[[ Material to process open ]]
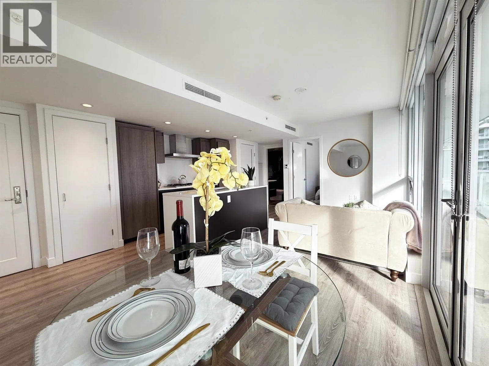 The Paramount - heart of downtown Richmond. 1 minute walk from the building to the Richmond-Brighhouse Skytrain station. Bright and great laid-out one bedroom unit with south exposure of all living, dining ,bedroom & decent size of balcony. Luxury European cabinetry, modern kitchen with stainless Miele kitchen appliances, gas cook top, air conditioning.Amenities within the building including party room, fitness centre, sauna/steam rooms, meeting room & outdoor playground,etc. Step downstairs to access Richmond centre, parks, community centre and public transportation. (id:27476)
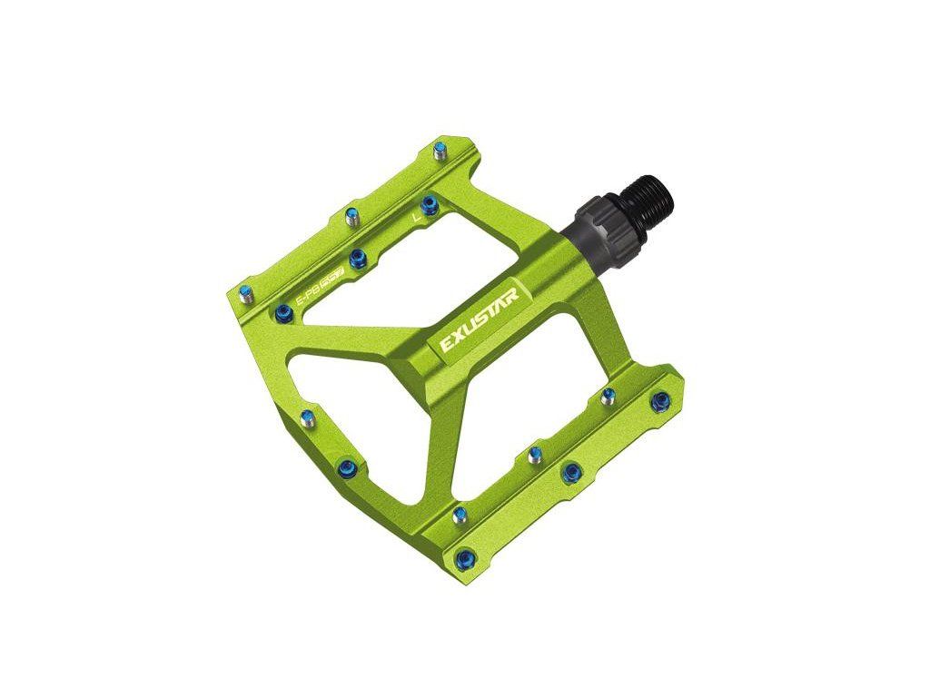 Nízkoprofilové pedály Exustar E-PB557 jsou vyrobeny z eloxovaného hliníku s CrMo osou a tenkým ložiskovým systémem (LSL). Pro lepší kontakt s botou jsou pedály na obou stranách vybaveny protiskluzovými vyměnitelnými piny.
[[ Material to process closed ]]
[[ Material to process open ]]
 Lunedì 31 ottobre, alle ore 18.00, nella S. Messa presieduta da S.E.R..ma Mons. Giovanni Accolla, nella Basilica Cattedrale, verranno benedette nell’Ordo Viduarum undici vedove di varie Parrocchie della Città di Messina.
[[ Material to process closed ]]
[[ Material to process open ]]
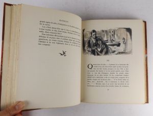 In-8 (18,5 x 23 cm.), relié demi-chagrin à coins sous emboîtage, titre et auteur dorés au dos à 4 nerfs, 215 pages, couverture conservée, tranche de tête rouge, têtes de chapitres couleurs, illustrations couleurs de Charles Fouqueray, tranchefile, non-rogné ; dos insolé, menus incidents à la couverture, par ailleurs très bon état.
[[ Material to process closed ]]
## Task instructions
When you reach the line that has "The Paramount - heart" in the data above, start repeating lines exactly, and stop after the line that has "Nízkoprofilové pedály Exustar"; pictures stay out.

## Written answer
 The Paramount - heart of downtown Richmond. 1 minute walk from the building to the Richmond-Brighhouse Skytrain station. Bright and great laid-out one bedroom unit with south exposure of all living, dining ,bedroom & decent size of balcony. Luxury European cabinetry, modern kitchen with stainless Miele kitchen appliances, gas cook top, air conditioning.Amenities within the building including party room, fitness centre, sauna/steam rooms, meeting room & outdoor playground,etc. Step downstairs to access Richmond centre, parks, community centre and public transportation. (id:27476)
 Nízkoprofilové pedály Exustar E-PB557 jsou vyrobeny z eloxovaného hliníku s CrMo osou a tenkým ložiskovým systémem (LSL). Pro lepší kontakt s botou jsou pedály na obou stranách vybaveny protiskluzovými vyměnitelnými piny.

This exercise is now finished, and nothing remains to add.